Code blow up, Generate boilerplate with TH, Explicit shape information & Recycling for joinD
– status: partly implemented, but still needs serious work
- All segmented operations have been removed from the backend library.
- Roman currently adapts the vectoriser to make use of the separation of data and shape in the library. This turned out to be more work than expected, but it should also simplify the vectoriser.
- We still don't have the code blow up under control.
- Before any further major changes to the library, Roman needs to first re-arrange things such that the library boilerplate is generated, instead of being hardcode; otherwise, changes require a lot of tiresome code editing. This is partially done.
- New dictionary representation and optimisation – status: prototype shipped to Roman, seems to work. I am doing detailed perf comparisons before committing to HEAD. NB: We won't be able to make progress with benchmarks, before we can use the new inliner (currently we have no version that applies to the HEAD).
- Regular multi-dimensional arrays (language design and implementation) & Hierarchical matrix representation – status: partially implemented benchmark; regular multi-dimensional arrays are in an experimental state
- Desugaring comprehensions & Benchmark status – status: not started on comprehensions and waiting for code blow up to be improved before continuing with benchmarks
Category: Efficiency, short term (improve scalability and/or baseline performance of generated code):
- Recycling for joinD: Use Roman's recycling optimisation (PADL'09) to avoid copying in joinD.

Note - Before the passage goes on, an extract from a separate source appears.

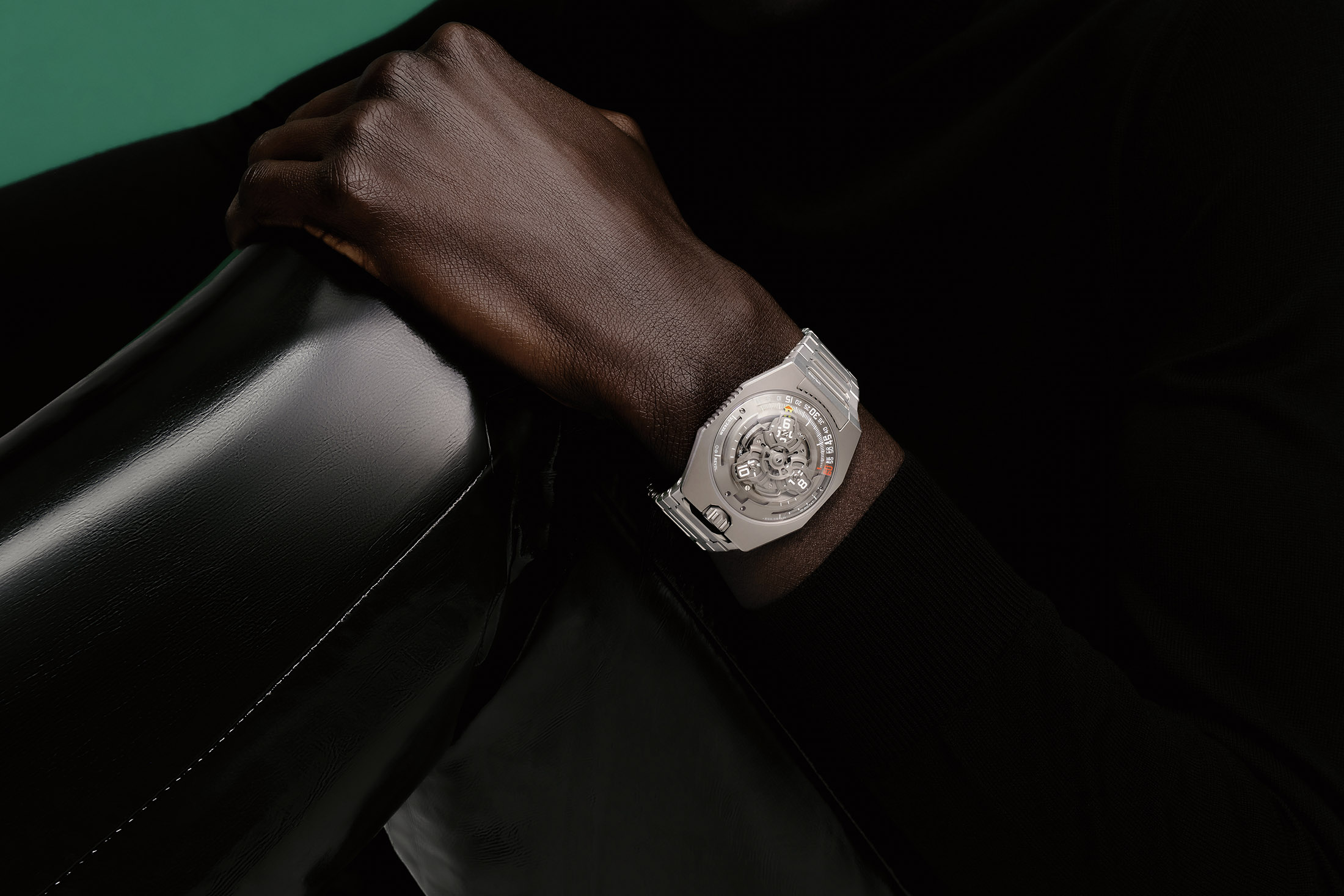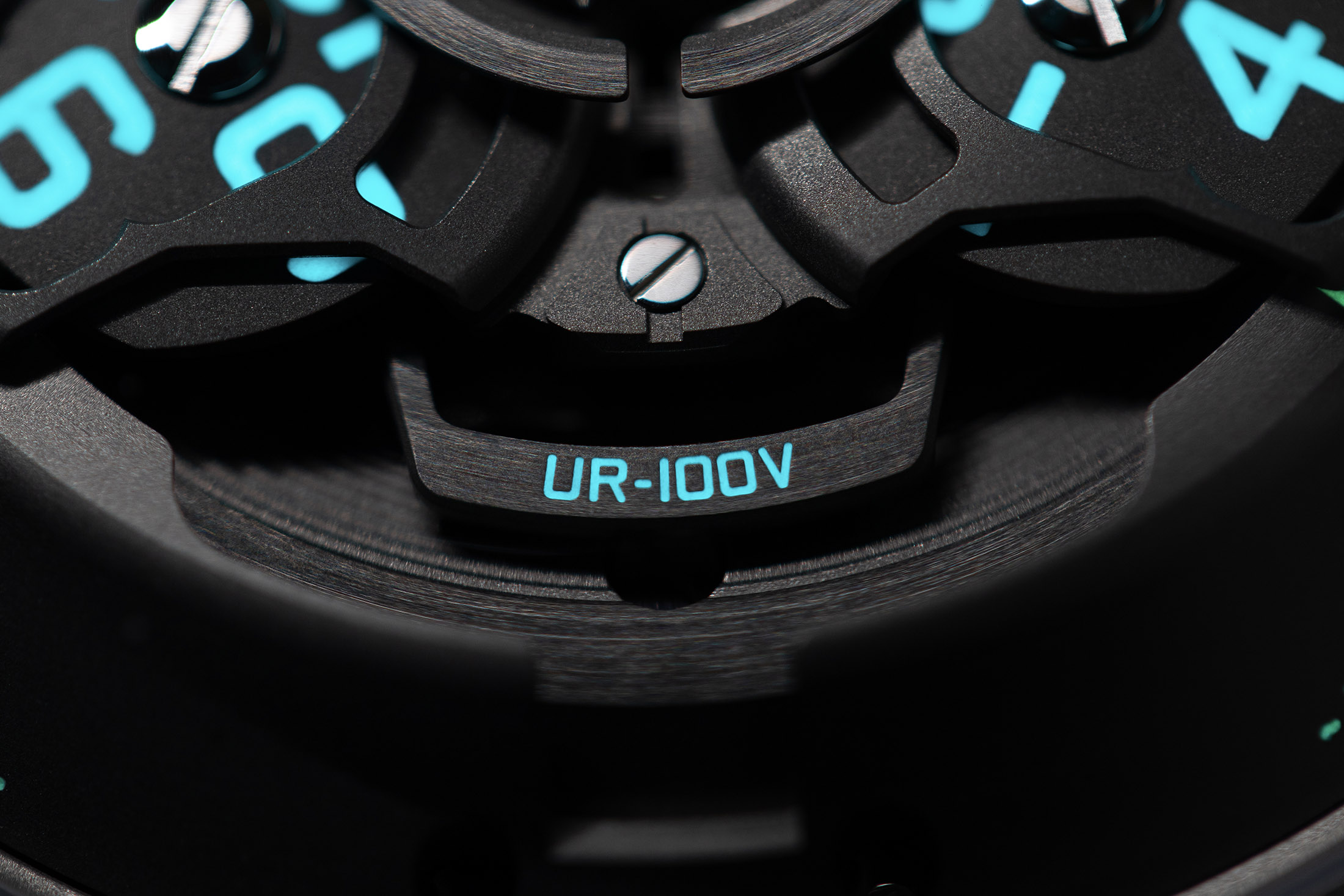 Powering the UR-100V is the brand’s UR 12.02 automatic movement. With 48 hours of power reserve and a rate of 4 Hz, the movement is controlled via a crown set at 12 o'clock (or at least where 12 would be on a more conventional watch).

- Test new inliner: Retest package dph with new inliner and the simplifier changes and try to simplify the library on the basis of these new phases.

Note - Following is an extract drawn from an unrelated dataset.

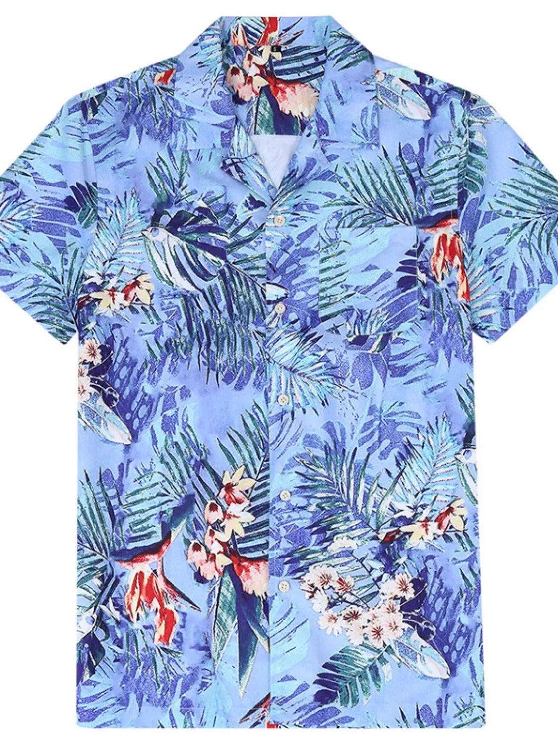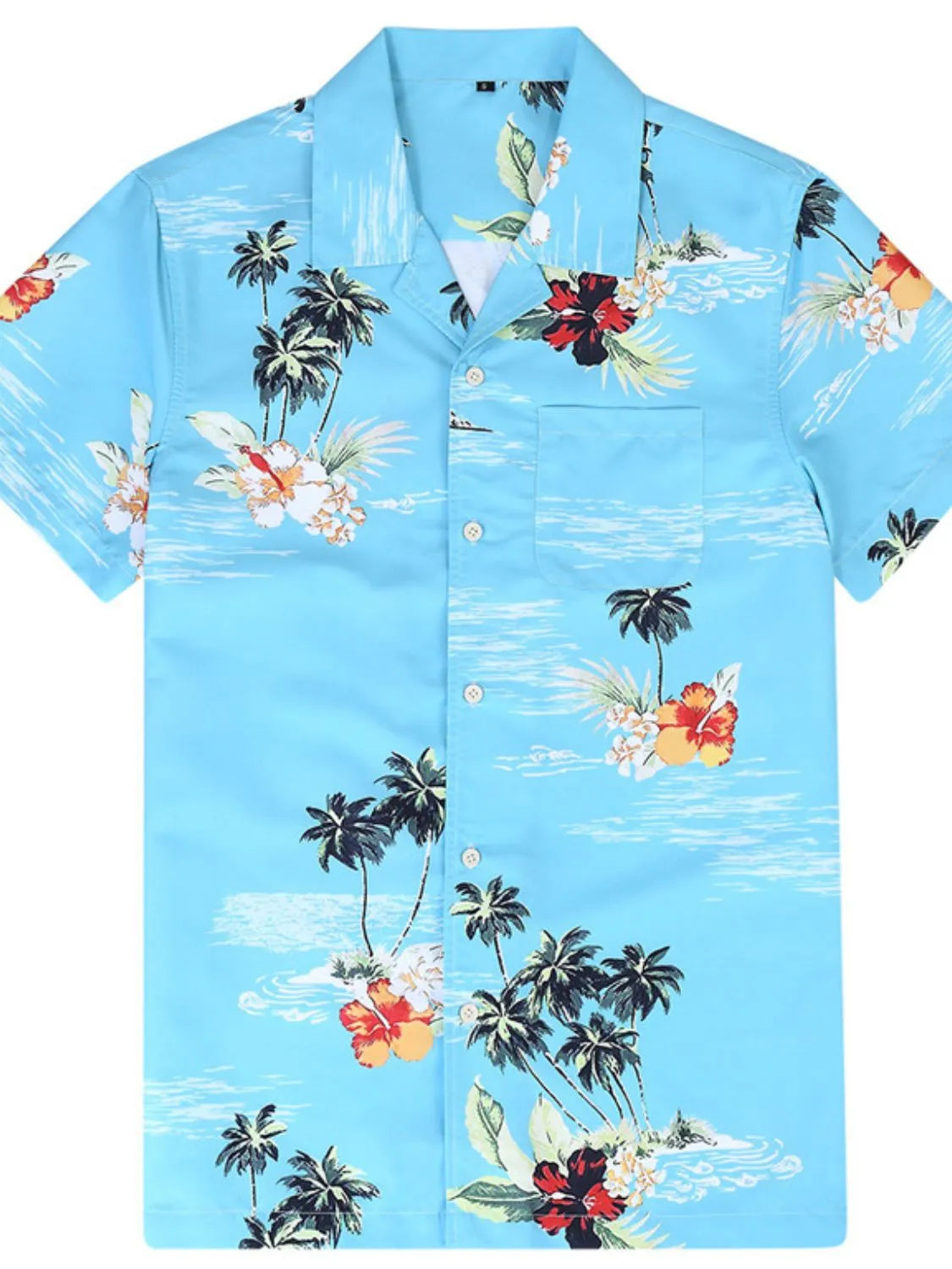 Men's Hawaiian Print Short Sleeve Button Down Shirt

- Desugaring comprehensions: The current desugaring of array comprehensions produces very inefficient code. This needs to be improved. In particular, the map/crossMap base case in dotP for x<-xs and use zipWith instead of map/zip. Moreover, [:n..m:] is being desugared to GHC.PArr.enumFromToP - it needs to use the implementation from the current dph backend instead.
- Regular multi-dimensional arrays (language design and implementation): Representing regular arrays by nested arrays is generally not efficient, but due to the current lack of fusion for segmented arrays that produce multiple arrays of different length (e.g., filterSU :: (a -> Bool) -> SUArr a -> SUArr a), matters are worse than one might think (e.g., when using a hierarchical matrix representation). Hence, we need direct support for regular, multi-dimensional arrays.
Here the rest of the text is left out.